Skåne Child & Adolescent Psychiatry, Malmö, Sweden.
Skåne Child & Adolescent Psychiatry, Unit for Pediatric Bipolar & Psychotic Disorders, Lund, Sweden.
Psychiatr Q. 2022 Mar;93(1):107-136. doi: 10.1007/s11126-021-09887-x. Epub 2021 Feb 25.
Restraints and seclusions are restrictive interventions used in psychiatric inpatient units when there is an imminent risk of harm to the patient or others. Coercive measures are controversial and can lead to negative consequences, including negative emotions, re-traumatization, injuries, or death. The article summarizes the last 10 years of literature regarding methods and strategies used for reducing seclusions and restraints in child and adolescent psychiatric inpatient units, and reports on their outcomes. The literature was reviewed by searching PubMed and PsycInfo for English-language articles published between May 2010 and May 2020. Eighteen articles were found that described methods or strategies aimed at reducing restraint or seclusion utilization in child and adolescent psychiatric inpatient units. The following interventions were evaluated: Trauma-Informed Care (TIC), Six Core Strategies, Child and Family Centered Care (CFCC), Collaborative & Proactive Solutions (CPS), Strength-Based Care, Modified Positive Behavioral Interventions and Supports (M-PBIS), Behavioral Modification Program (BMP), Autism Spectrum Disorder Care Pathway (ASD-CP), Dialectical Behavior Therapy (DBT), sensory rooms, Mindfulness-Based Stress Reduction Training (MBSR) of staff, and Milieu Nurse-Client Shift Assignments. Most of the interventions reduced the use of seclusions and/or restraints. Two child-centered and trauma-informed initiatives eliminated the use of mechanical restraints. This review shows that the use of coercive measures can be reduced and should be prioritized. Successful implementation requires ongoing commitment on all levels of an organization and a willingness to learn. To facilitate comparisons, future models should evaluate different standardized parameters.

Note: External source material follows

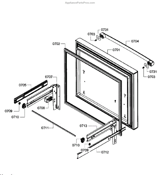The Handle is an OEM part for Bosch refrigerators. This handle is designed to provide a secure grip for opening and closing the refrigerator door, ensuring ease of use and functionality.

约束和隔离是精神科住院病房在患者或他人有即将受到伤害的风险时使用的限制干预措施。强制性措施存在争议,可能会导致负面后果,包括负面情绪、再次创伤、伤害或死亡。本文总结了过去 10 年来有关减少儿童和青少年精神病住院病房约束和隔离的方法和策略的文献,并报告了其结果。通过在 PubMed 和 PsycInfo 上搜索 2010 年 5 月至 2020 年 5 月期间发表的英文文章,对文献进行了回顾。共找到了 18 篇描述旨在减少儿童和青少年精神病住院病房约束和隔离使用的方法或策略的文章。评估了以下干预措施:创伤知情护理(TIC)、六个核心策略、儿童和家庭为中心的护理(CFCC)、合作和积极解决方案(CPS)、以强项为基础的护理、改良的积极行为干预和支持(M-PBIS)、行为修正方案(BMP)、自闭症谱系障碍护理途径(ASD-CP)、辩证行为疗法(DBT)、感官室、员工正念减压训练(MBSR)和环境护士-客户轮班分配。大多数干预措施减少了约束和/或隔离的使用。两项以儿童为中心和以创伤为导向的举措消除了机械约束的使用。本综述表明,可以减少强制性措施的使用,应优先考虑。成功实施需要组织各级的持续承诺和学习意愿。为了便于比较,未来的模型应评估不同的标准化参数。